* [Task requirements]
Note each line of the listing that contains the string "wird", and copy it.

* [Records for this exercise]
>>>
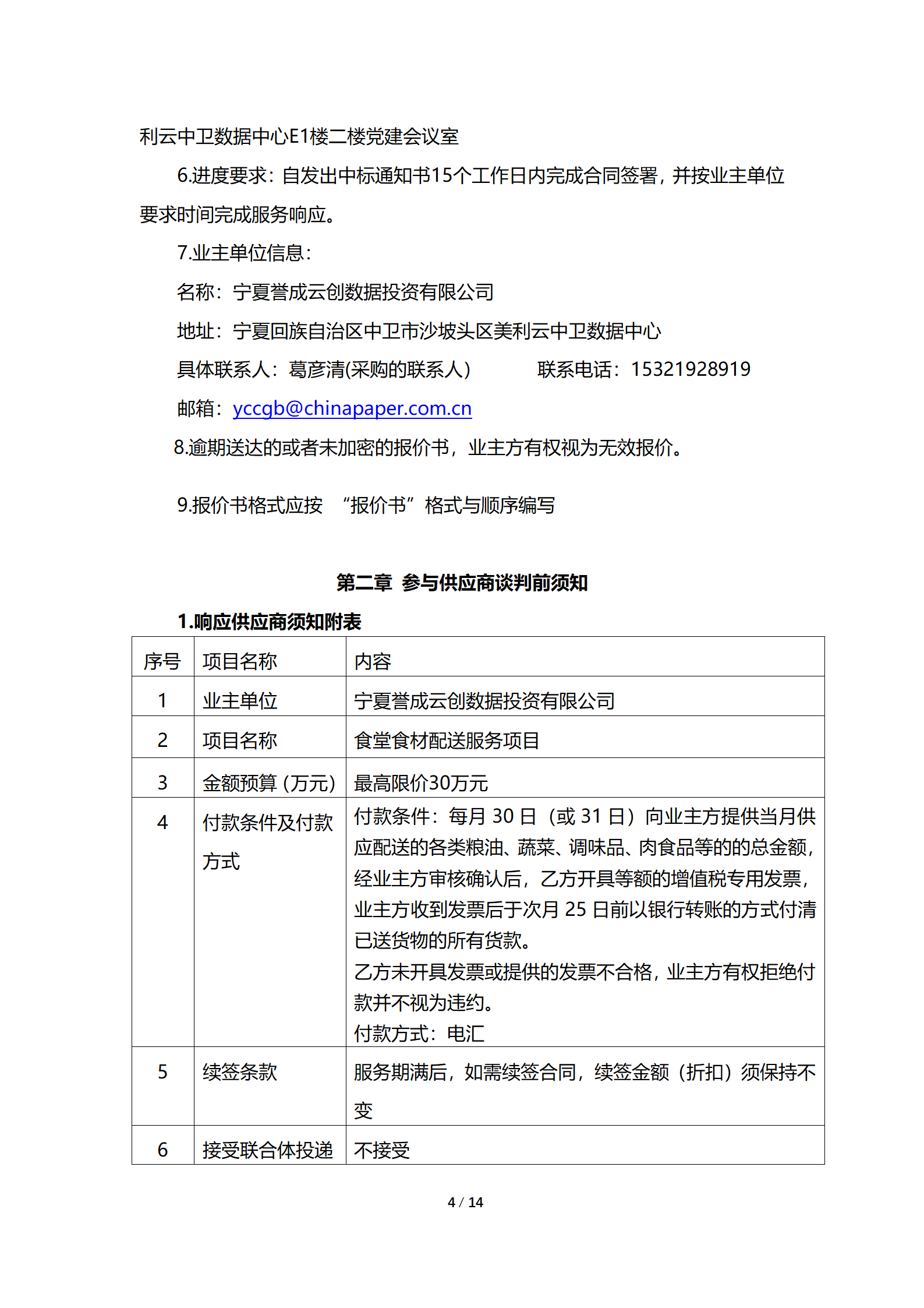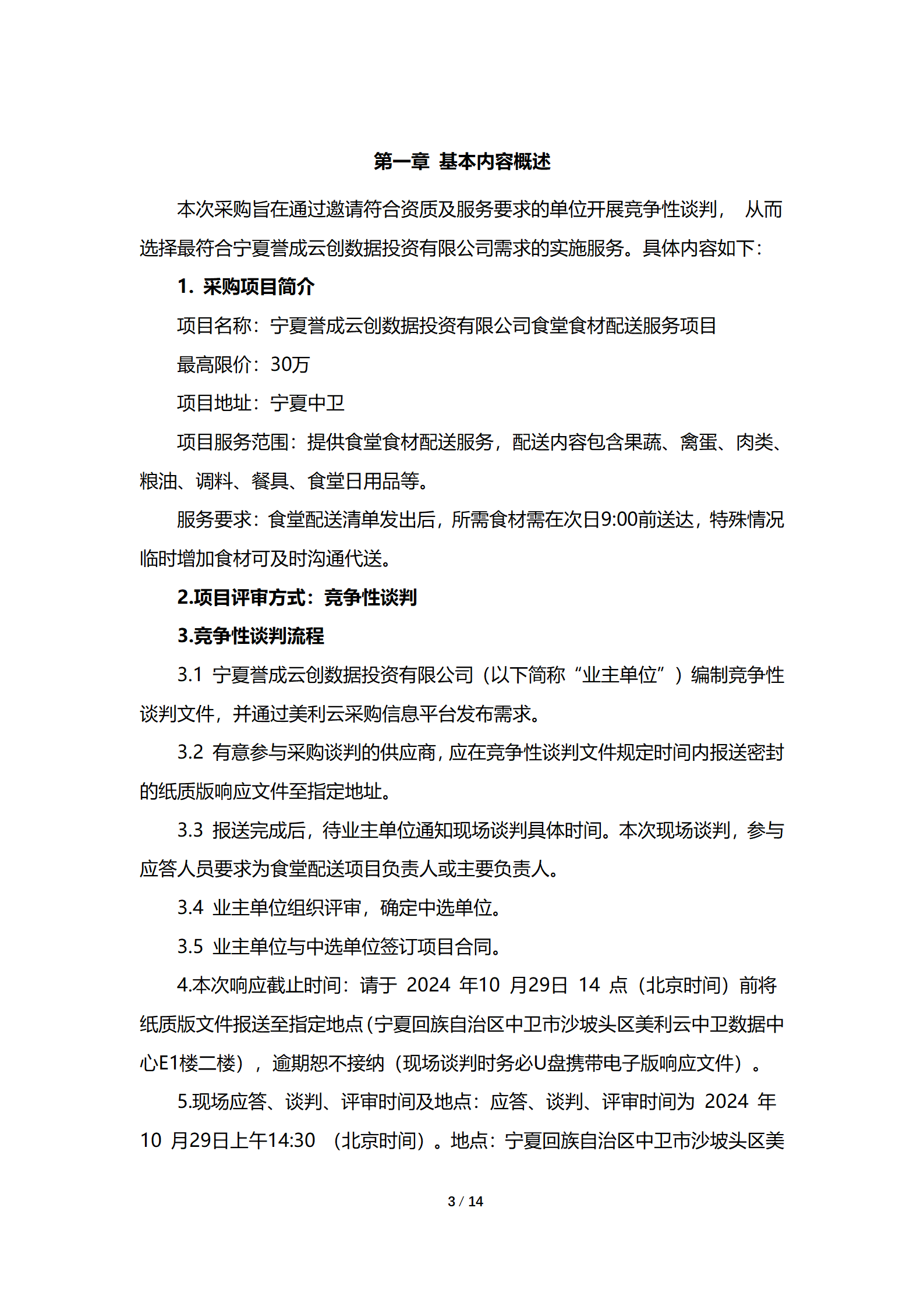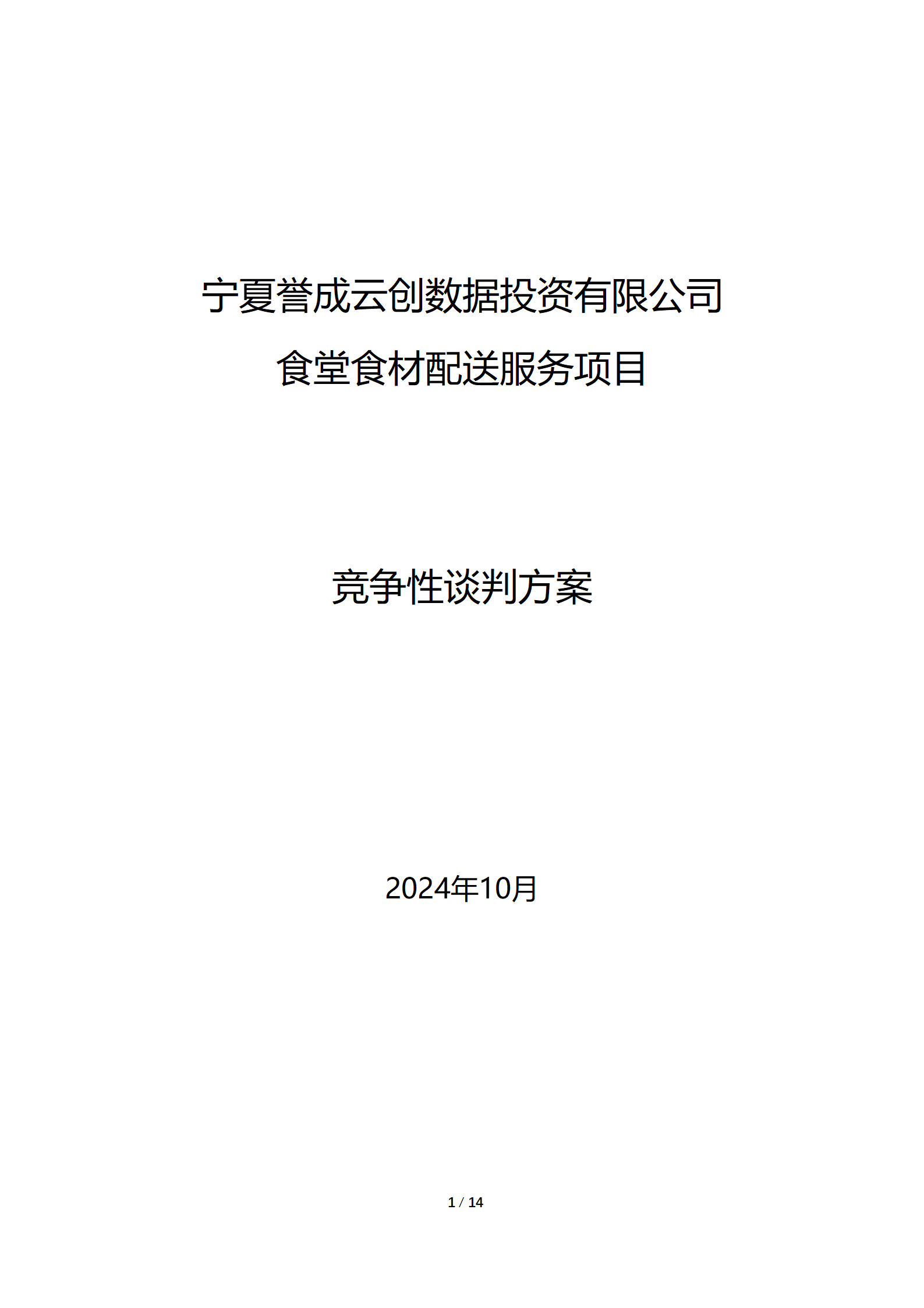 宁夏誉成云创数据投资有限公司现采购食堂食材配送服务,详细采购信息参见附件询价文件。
<<<
>>>
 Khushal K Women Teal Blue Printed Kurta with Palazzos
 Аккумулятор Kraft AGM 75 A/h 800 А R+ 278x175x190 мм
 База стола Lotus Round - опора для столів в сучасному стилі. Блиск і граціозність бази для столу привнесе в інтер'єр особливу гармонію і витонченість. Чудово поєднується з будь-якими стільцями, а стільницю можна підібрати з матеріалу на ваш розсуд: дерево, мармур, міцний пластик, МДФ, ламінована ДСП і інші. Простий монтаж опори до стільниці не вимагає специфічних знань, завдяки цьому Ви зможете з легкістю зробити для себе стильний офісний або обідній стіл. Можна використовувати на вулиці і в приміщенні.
<<<
>>>
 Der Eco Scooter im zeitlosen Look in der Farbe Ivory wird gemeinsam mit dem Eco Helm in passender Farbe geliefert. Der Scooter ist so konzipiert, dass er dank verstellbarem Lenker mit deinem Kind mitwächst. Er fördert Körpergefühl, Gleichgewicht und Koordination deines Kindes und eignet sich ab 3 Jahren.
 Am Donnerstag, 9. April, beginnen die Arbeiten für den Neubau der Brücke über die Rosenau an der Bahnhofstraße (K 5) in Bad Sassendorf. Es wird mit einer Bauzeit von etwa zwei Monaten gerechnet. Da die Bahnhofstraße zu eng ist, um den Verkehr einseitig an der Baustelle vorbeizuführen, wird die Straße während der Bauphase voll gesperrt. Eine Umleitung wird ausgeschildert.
<<<
* [Task output]
 Der Eco Scooter im zeitlosen Look in der Farbe Ivory wird gemeinsam mit dem Eco Helm in passender Farbe geliefert. Der Scooter ist so konzipiert, dass er dank verstellbarem Lenker mit deinem Kind mitwächst. Er fördert Körpergefühl, Gleichgewicht und Koordination deines Kindes und eignet sich ab 3 Jahren.
 Am Donnerstag, 9. April, beginnen die Arbeiten für den Neubau der Brücke über die Rosenau an der Bahnhofstraße (K 5) in Bad Sassendorf. Es wird mit einer Bauzeit von etwa zwei Monaten gerechnet. Da die Bahnhofstraße zu eng ist, um den Verkehr einseitig an der Baustelle vorbeizuführen, wird die Straße während der Bauphase voll gesperrt. Eine Umleitung wird ausgeschildert.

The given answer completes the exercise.